→ ACTIVITY: Should the listing contain images, exclude them; give the rest again exactly.

→ SOURCE DATA:
Content starts
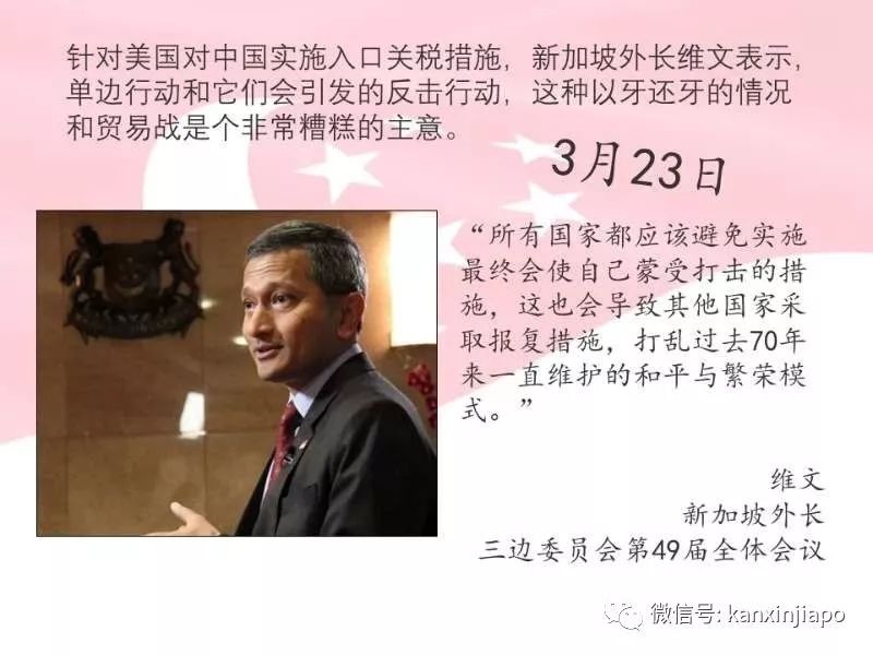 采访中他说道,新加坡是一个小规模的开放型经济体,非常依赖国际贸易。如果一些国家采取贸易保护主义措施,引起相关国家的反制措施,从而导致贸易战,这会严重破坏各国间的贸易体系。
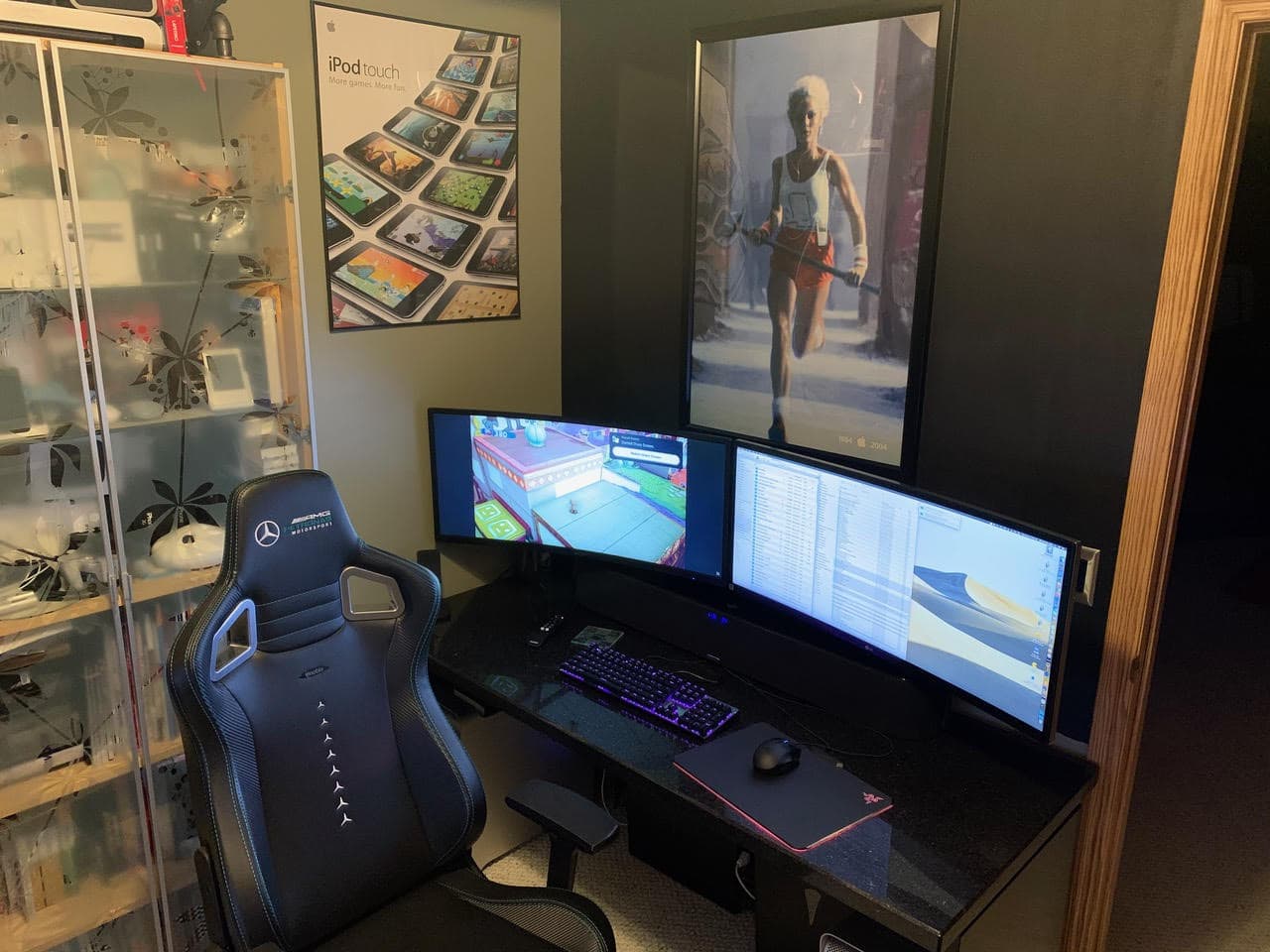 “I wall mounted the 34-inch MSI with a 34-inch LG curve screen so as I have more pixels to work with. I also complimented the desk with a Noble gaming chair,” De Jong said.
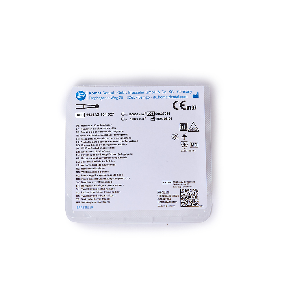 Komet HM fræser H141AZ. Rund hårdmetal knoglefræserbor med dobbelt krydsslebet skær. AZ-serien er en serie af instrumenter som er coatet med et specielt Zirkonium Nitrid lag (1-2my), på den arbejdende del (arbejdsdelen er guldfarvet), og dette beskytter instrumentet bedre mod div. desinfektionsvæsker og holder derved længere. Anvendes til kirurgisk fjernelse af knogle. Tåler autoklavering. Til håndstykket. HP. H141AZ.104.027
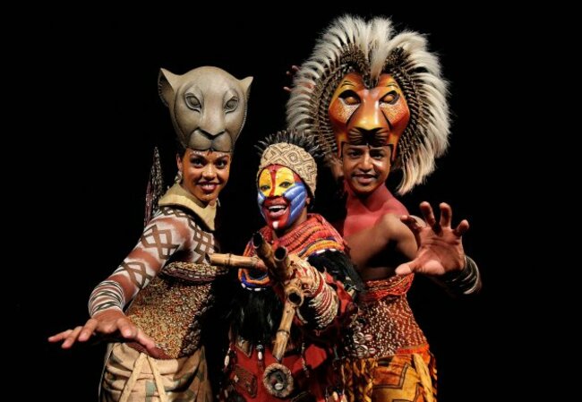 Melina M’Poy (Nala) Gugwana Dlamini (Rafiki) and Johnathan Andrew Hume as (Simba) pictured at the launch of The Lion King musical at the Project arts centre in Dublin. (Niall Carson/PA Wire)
Content ends
→ SOLUTION FOR THIS TASK:
 采访中他说道,新加坡是一个小规模的开放型经济体,非常依赖国际贸易。如果一些国家采取贸易保护主义措施,引起相关国家的反制措施,从而导致贸易战,这会严重破坏各国间的贸易体系。
 “I wall mounted the 34-inch MSI with a 34-inch LG curve screen so as I have more pixels to work with. I also complimented the desk with a Noble gaming chair,” De Jong said.
 Komet HM fræser H141AZ. Rund hårdmetal knoglefræserbor med dobbelt krydsslebet skær. AZ-serien er en serie af instrumenter som er coatet med et specielt Zirkonium Nitrid lag (1-2my), på den arbejdende del (arbejdsdelen er guldfarvet), og dette beskytter instrumentet bedre mod div. desinfektionsvæsker og holder derved længere. Anvendes til kirurgisk fjernelse af knogle. Tåler autoklavering. Til håndstykket. HP. H141AZ.104.027
 Melina M’Poy (Nala) Gugwana Dlamini (Rafiki) and Johnathan Andrew Hume as (Simba) pictured at the launch of The Lion King musical at the Project arts centre in Dublin. (Niall Carson/PA Wire)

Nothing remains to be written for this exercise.